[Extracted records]
━━━

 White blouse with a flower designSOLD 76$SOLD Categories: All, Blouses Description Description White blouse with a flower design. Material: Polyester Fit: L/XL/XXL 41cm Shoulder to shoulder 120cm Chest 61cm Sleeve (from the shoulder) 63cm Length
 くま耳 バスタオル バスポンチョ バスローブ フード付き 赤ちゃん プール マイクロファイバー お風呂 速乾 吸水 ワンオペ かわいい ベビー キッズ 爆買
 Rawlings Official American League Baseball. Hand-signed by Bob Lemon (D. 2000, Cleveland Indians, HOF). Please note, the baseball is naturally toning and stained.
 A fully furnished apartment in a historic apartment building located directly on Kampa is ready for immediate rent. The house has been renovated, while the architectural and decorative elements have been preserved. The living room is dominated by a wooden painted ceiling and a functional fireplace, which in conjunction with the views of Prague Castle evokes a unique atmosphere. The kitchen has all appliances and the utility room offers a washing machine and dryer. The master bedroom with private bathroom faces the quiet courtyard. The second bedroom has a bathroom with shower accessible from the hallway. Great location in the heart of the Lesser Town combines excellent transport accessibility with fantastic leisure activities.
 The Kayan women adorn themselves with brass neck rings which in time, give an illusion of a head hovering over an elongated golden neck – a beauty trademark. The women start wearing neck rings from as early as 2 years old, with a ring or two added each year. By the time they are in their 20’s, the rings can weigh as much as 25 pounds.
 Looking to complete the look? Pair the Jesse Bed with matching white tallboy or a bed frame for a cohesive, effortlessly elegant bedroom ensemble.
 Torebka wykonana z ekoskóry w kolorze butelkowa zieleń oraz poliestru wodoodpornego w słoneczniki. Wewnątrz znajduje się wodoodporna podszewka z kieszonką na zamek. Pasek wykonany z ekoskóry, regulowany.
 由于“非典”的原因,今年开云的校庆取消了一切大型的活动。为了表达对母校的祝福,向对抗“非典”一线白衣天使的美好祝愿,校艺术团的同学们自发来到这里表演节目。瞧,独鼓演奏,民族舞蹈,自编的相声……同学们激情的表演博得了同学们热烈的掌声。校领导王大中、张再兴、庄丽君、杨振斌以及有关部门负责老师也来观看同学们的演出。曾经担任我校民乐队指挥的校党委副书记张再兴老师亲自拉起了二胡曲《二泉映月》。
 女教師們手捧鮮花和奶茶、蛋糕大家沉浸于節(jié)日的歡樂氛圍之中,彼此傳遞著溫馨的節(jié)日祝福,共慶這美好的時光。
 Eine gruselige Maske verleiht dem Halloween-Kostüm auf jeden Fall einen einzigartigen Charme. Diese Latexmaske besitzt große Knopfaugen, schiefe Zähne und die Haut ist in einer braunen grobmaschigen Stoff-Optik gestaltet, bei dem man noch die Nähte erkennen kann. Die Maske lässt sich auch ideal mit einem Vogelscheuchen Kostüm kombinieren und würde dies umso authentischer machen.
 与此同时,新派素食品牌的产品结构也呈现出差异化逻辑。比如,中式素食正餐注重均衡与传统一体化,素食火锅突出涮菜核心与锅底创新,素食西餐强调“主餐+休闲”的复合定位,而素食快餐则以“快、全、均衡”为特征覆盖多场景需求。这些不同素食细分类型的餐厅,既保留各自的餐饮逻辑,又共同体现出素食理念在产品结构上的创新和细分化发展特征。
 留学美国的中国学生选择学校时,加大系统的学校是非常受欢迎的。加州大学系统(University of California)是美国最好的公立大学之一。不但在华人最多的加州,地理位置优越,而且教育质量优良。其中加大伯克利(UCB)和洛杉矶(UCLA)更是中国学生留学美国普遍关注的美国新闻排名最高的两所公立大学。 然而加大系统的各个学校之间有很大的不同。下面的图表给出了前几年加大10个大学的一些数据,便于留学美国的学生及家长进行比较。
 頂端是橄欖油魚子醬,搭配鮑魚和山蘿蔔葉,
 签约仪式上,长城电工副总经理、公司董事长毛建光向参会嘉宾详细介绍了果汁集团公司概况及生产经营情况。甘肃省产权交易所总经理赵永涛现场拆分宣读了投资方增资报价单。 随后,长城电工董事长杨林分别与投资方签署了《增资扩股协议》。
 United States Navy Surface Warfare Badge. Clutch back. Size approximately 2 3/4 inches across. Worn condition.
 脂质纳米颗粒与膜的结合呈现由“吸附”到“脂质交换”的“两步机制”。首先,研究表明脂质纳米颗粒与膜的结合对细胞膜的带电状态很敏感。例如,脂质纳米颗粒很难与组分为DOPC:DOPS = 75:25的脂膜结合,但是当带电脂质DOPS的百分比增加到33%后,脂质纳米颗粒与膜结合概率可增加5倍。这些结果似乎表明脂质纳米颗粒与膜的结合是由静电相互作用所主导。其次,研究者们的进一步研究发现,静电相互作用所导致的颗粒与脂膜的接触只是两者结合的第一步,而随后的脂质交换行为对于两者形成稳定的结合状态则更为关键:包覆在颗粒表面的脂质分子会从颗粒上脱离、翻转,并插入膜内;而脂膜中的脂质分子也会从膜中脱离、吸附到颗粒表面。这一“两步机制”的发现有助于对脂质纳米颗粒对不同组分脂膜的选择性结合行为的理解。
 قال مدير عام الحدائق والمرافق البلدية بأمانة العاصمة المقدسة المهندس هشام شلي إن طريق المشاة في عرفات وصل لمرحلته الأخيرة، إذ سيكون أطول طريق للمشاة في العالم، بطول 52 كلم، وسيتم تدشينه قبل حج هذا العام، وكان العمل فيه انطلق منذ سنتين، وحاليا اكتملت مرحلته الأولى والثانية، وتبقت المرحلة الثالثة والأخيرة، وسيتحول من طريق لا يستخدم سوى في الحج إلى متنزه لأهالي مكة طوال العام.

━━━

Problem statement:
Every line above that carries the string "bedroom" should be copied.

Written response:
 A fully furnished apartment in a historic apartment building located directly on Kampa is ready for immediate rent. The house has been renovated, while the architectural and decorative elements have been preserved. The living room is dominated by a wooden painted ceiling and a functional fireplace, which in conjunction with the views of Prague Castle evokes a unique atmosphere. The kitchen has all appliances and the utility room offers a washing machine and dryer. The master bedroom with private bathroom faces the quiet courtyard. The second bedroom has a bathroom with shower accessible from the hallway. Great location in the heart of the Lesser Town combines excellent transport accessibility with fantastic leisure activities.
 Looking to complete the look? Pair the Jesse Bed with matching white tallboy or a bed frame for a cohesive, effortlessly elegant bedroom ensemble.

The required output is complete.